WHAT YOU HAVE TO DO | Below are the records; copy exactly the lines from the first through the one containing "その後、自動車エンジンの模型", both included, and leave out the pictures.

==============================

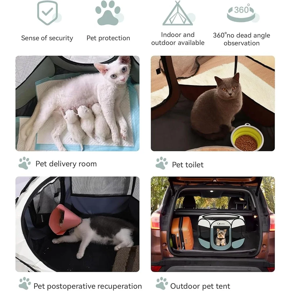 Portable Dog Cat Playpen Indoor Outdoor Puppy Tent Crate Play Yard Waterproof Foldable Pet Kennel Easy Setup 360 View
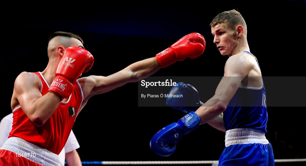 22 November 2019; Brandon McCarthy of St Michael's Athy, Co Kildare, right, in action against Barry McReynolds of Holy Trinity, Co Antrim, in their 60kg bout during the IABA Irish National Elite Boxing Championships Finals at the National Stadium in Dublin. Photo by Piaras Ó Mídheach/Sportsfile
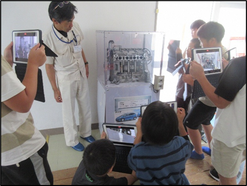 その後、自動車エンジンの模型を実際に見学し、エンジンが動いている様子を見ながら「この部品はどんな意味があるの?」「このボタンは何のためにあるの?」「あの赤く点滅しているのは何?」「このエンジン(模型)はどうやって持ってきたの?」など、チャイムが鳴り終わった後も質問を続けるなど、子どもたちの興味・関心は尽きませんでした。
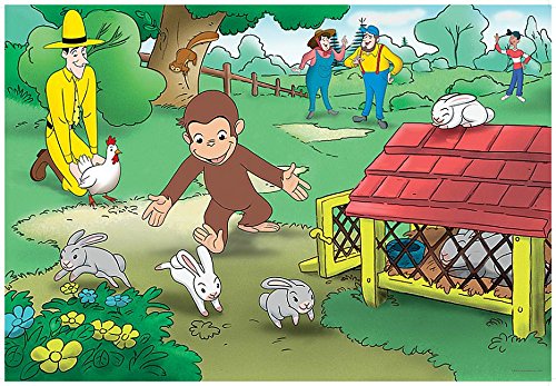 Curious George attempts to corral some rascally rabbits back home, while The Man in the Yellow Hat helps rounding up the chickens.
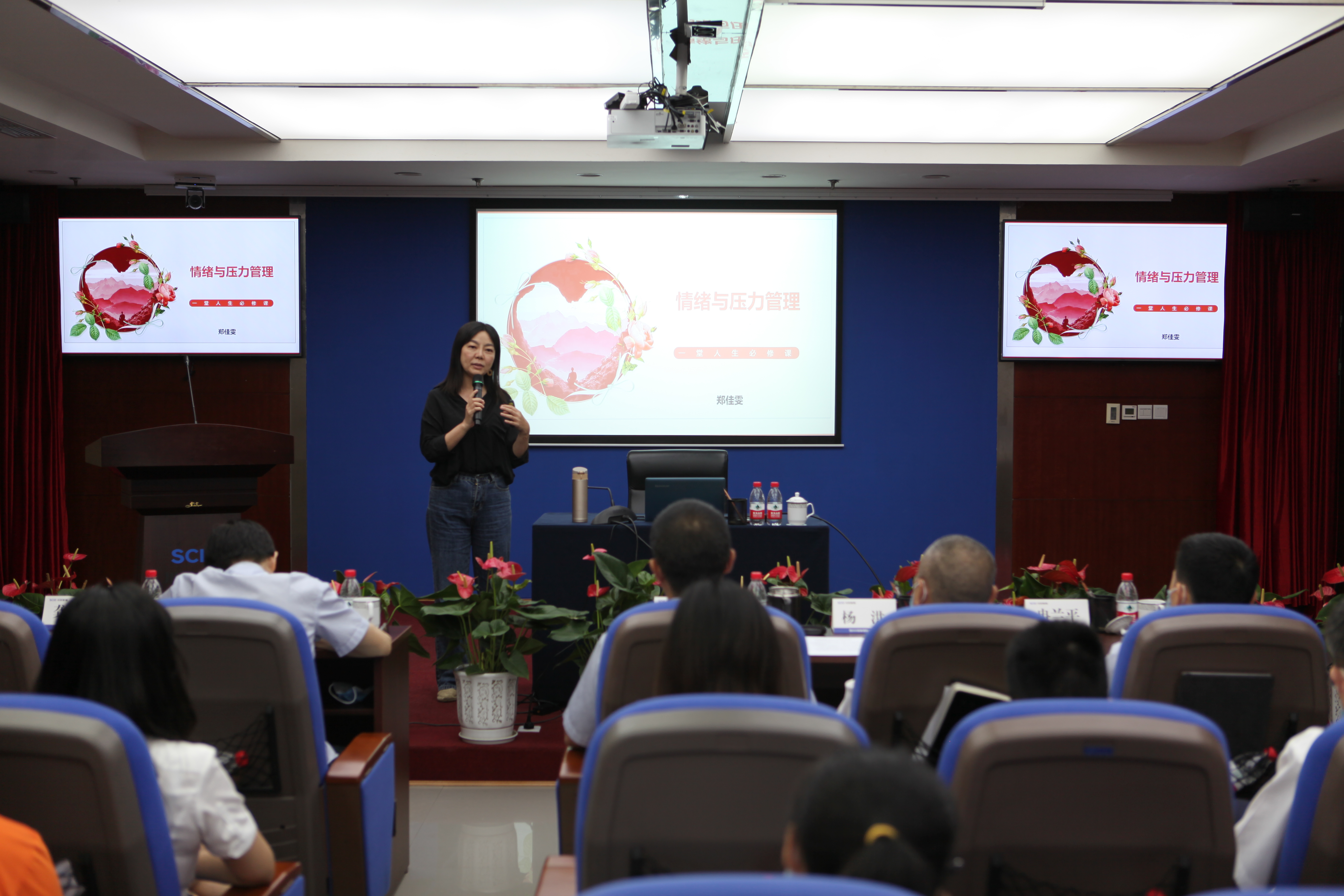 日前,为有效缓解公司员工工作压力,疏通堵点,赋能充电,足球彩票在川投大厦601会议室举行一场既生动又风趣的《情绪与压力管理》培训讲座,特邀国家注册二级心理管理师、国家注册音乐治疗师、国家心理学临床讲师郑佳雯老师授课,公司本部及所属公司通过现场与线下相结合方式共100余人参加学习。
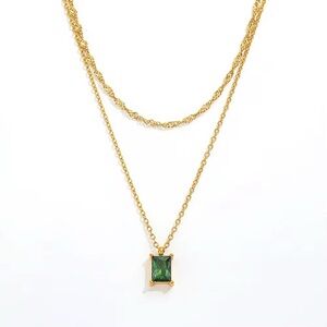 18K Gold Plated - Green Pendant Necklace - Gold Jewelry
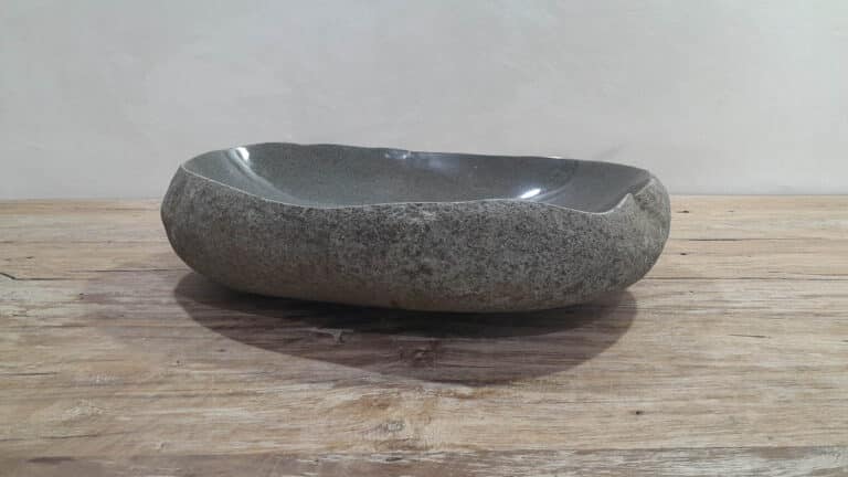 Middelgrote natuursteen waskom van Riviersteen. Deze rivierstenen waskom van is perfect voor kleine tot middelgrote badkamermeubels. Elke rivierstenen waskom wordt met de hand vervaardigd uit massief natuursteen. De binnenzijde van de kom wordt glad gepolijst voor een snelle waterafvoer en eenvoudig onderhoud, de buitenzijde blijft ruw en onbewerkt waardoor de kom zijn robuuste en natuurlijke karakter behoudt.
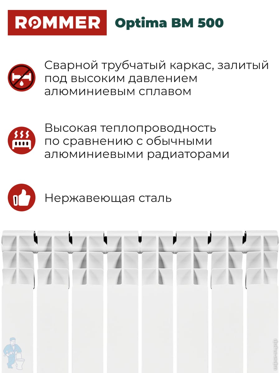 Радиатор биметаллический ROMMER Optima BM 500 8 секций, RBM-0210-050008
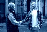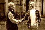 Two generations connect through warm handshake on leaf-strewn sidewalk, Friendly encounter between two men, Casual business partners solidify agreement with handshake during fall season
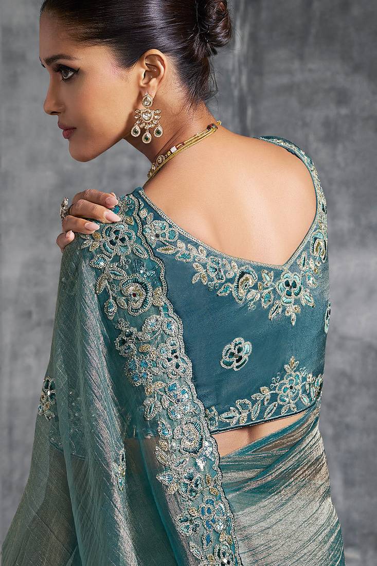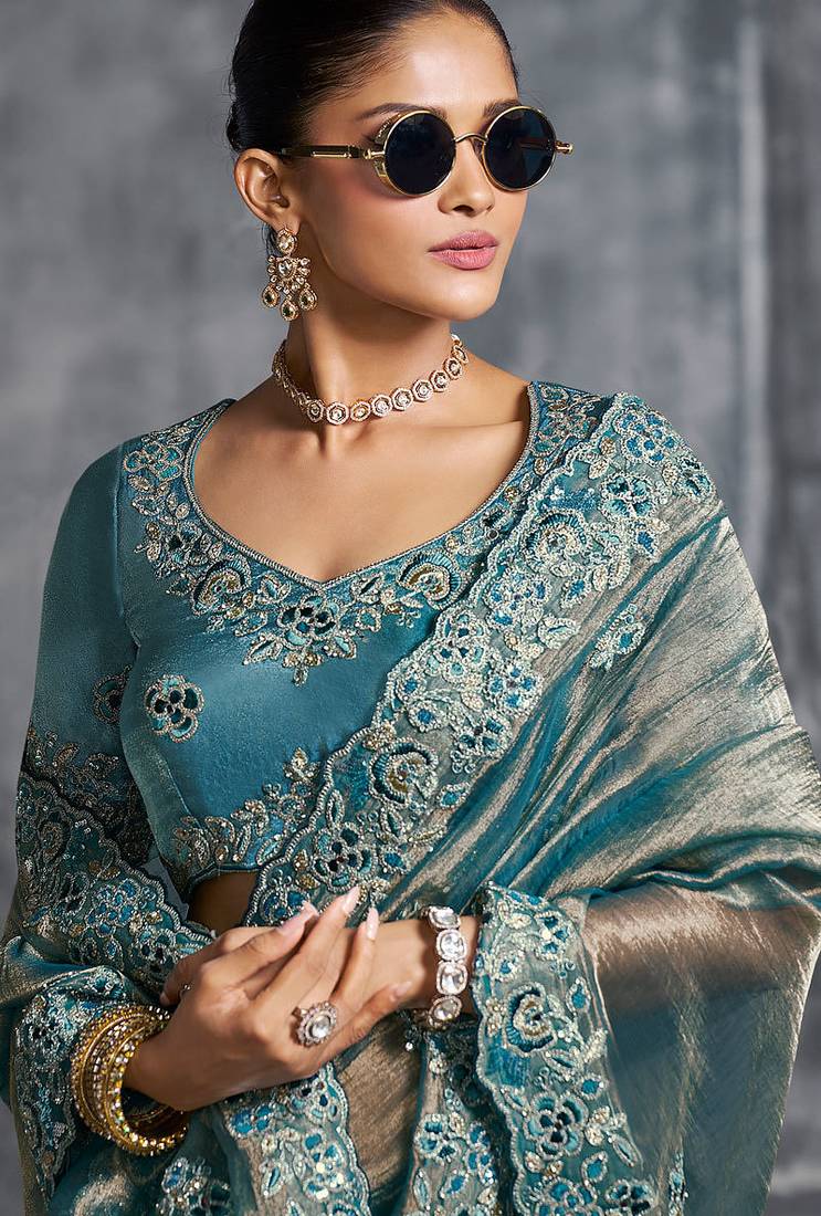 Saree Fabric: Premium Tissue Zari, Saree Color: Aqua Blue, Blouse Fabric: Silk, Blouse Color: Aqua Blue, Work: Resham Thread Embroidery, Intricate Floral Vines, And Crafted Motifs With Embellishments Such As Sequins, Pearls, Mirror Work And Hand Finished Stone Work With Embroidery Blouse, Remark: Saree With Blouse
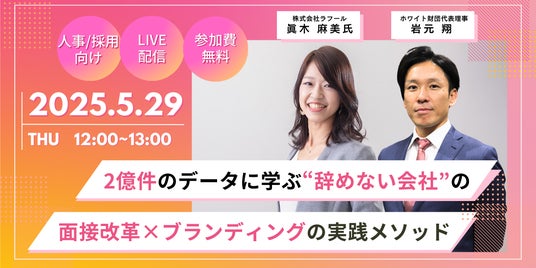 ホワイト企業認定を展開する一般財団法人 日本次世代企業普及機構(本部:大阪市北区、代表理事:岩元翔)は、2025年5月29日(金)に無料オンラインセミナー「2億件のデータに学ぶ“辞めない会社”の面接改革×ブランディングの実践メソッド 」を開催いたします。
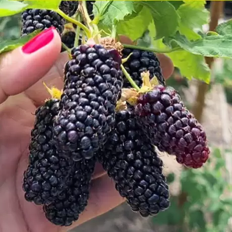 Ожина Коламбія Гігант - ремонтатний, безколючковий сорт, виведений в США. Пагони виростають від 1,5 до 2,5 м, вони досить гнучкі, тому при вирощуванні потрібна опора (шпалера). Оскільки сорт ремонтантний цвітіння триває з червня по вересень. Дозрівання ягід починається з липня місяця. Ягоди вважаються унікальними, адже їх довжина сягає 6 см, а важити може до 20 г. Форма плоду витягнута, злегка округла, смак кисло-солодкий з властивим ожині ароматом. Колір у зрілих ягід - насичено-чорний. Сорт самозапильний, при посадці краще вибирати сонячну сторону, влітку потрібен рясний полив. Морозостійкість середня до -13 ° C, тому на зиму потрібне укриття. Сорт стійкий до хвороб.
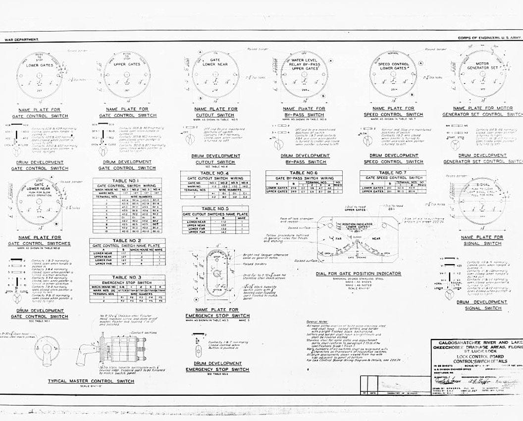 ST. LUCIE LOCK, LOCK CONTROL BOARD, CONTROL SWITCH DETAILS - St. Lucie Canal, Lock No. 1, Control Station, St. Lucie, Cross State Canal, Okeechobee Intracoastal Waterway, Stuart, Martin County, FL
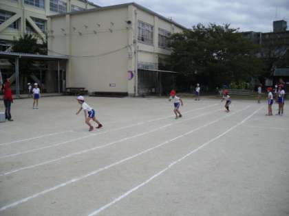 運動会が近づいてきました。3年生の体育の授業では,運動会の練習をしています。今日は,80m走と棒引きの練習を行いました。
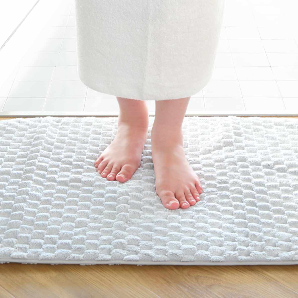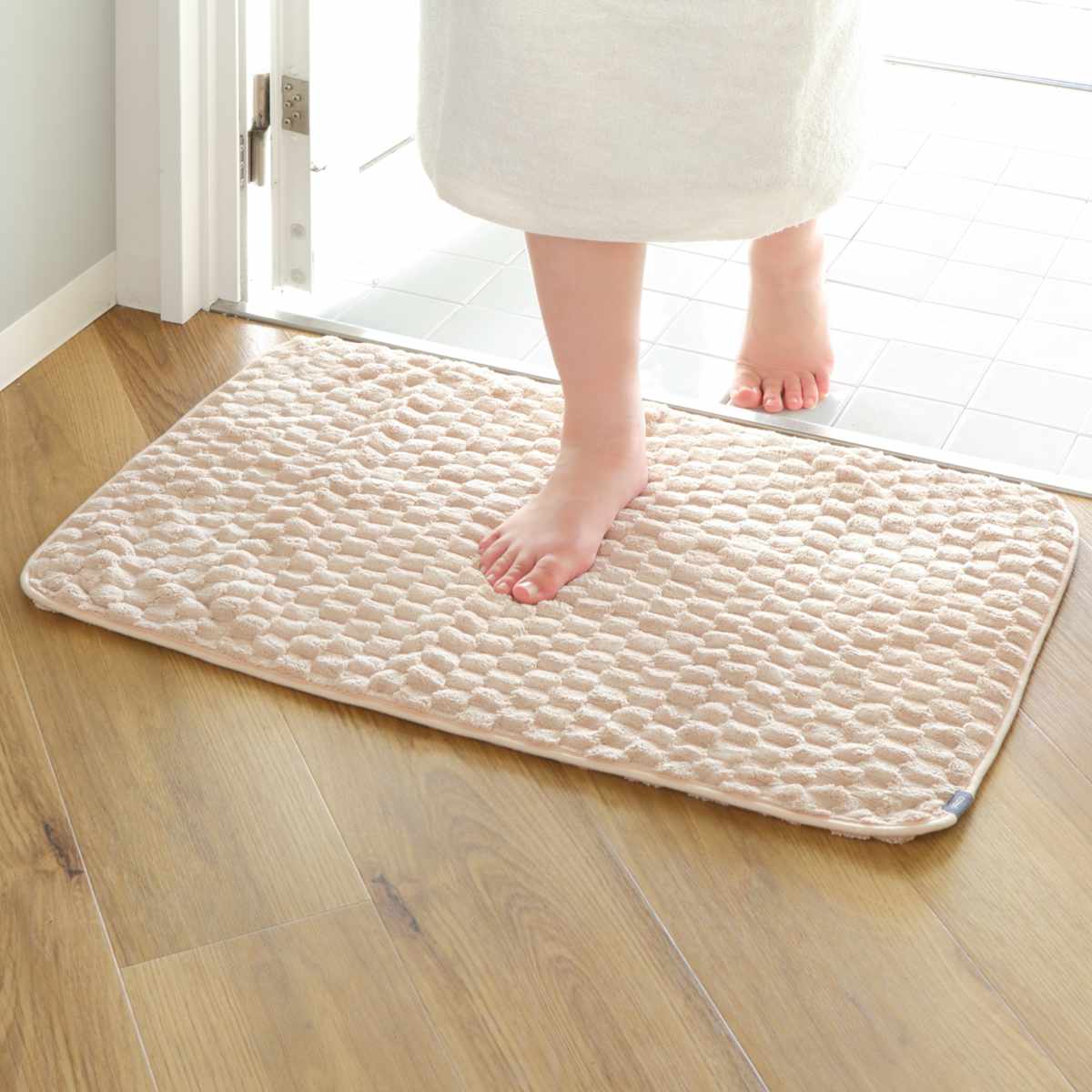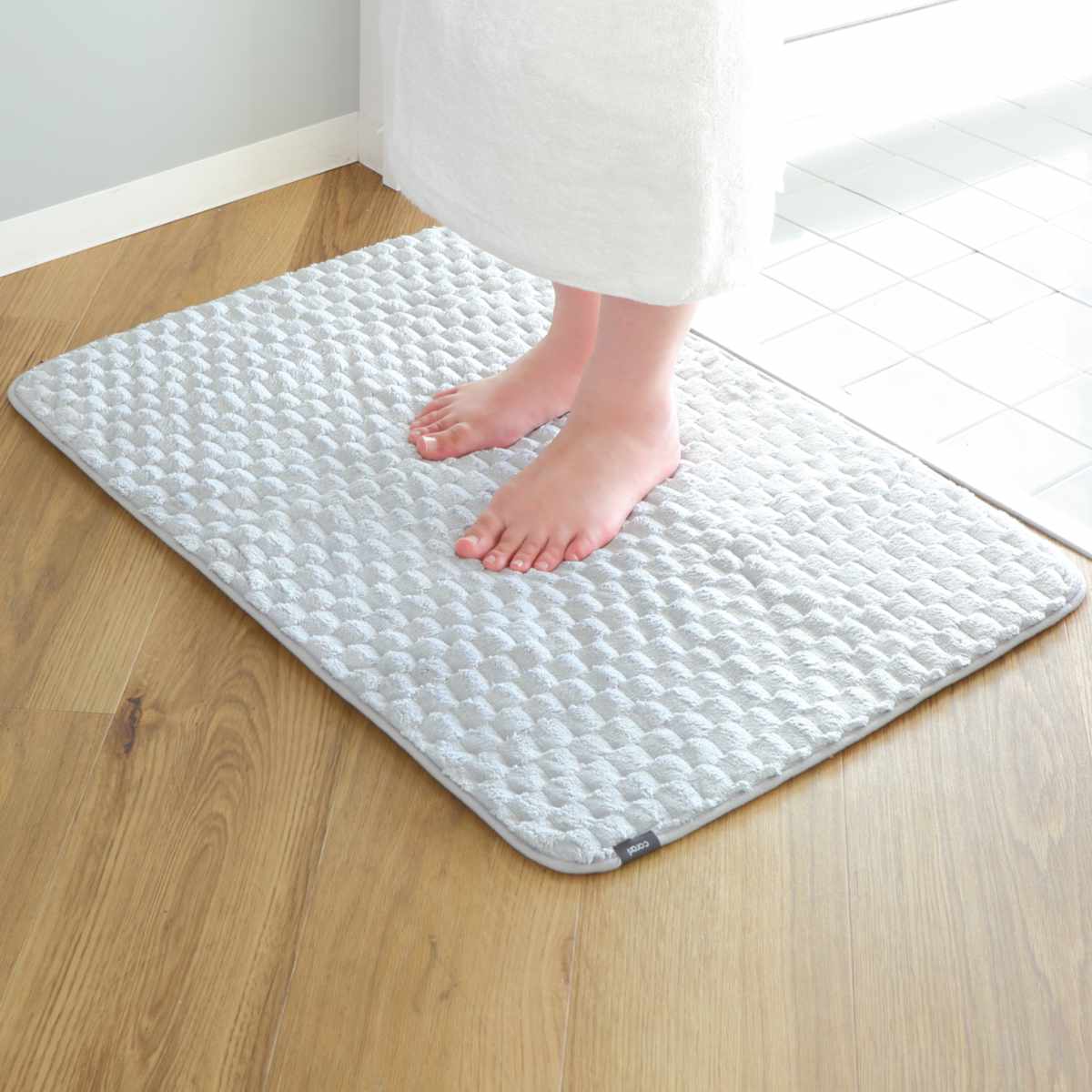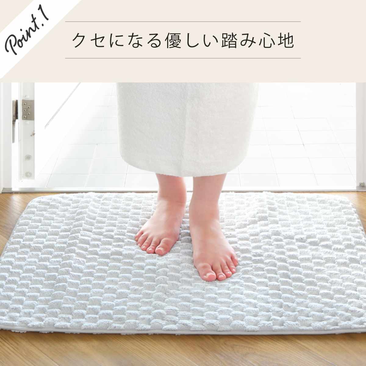 ぽこぽこした感触が足の裏にフィットし、クセになるマイクロファイバータオル素材のバスマットです。ぎっしりと詰まった繊維の表面をカットパイルでやわらかな肌触りに仕上げることにより、優しい踏み心地を実現。お風呂上がりが楽しみになる1枚です。

==============================

RESPONSE FOR THIS EXERCISE |
 Portable Dog Cat Playpen Indoor Outdoor Puppy Tent Crate Play Yard Waterproof Foldable Pet Kennel Easy Setup 360 View
 22 November 2019; Brandon McCarthy of St Michael's Athy, Co Kildare, right, in action against Barry McReynolds of Holy Trinity, Co Antrim, in their 60kg bout during the IABA Irish National Elite Boxing Championships Finals at the National Stadium in Dublin. Photo by Piaras Ó Mídheach/Sportsfile
 その後、自動車エンジンの模型を実際に見学し、エンジンが動いている様子を見ながら「この部品はどんな意味があるの?」「このボタンは何のためにあるの?」「あの赤く点滅しているのは何?」「このエンジン(模型)はどうやって持ってきたの?」など、チャイムが鳴り終わった後も質問を続けるなど、子どもたちの興味・関心は尽きませんでした。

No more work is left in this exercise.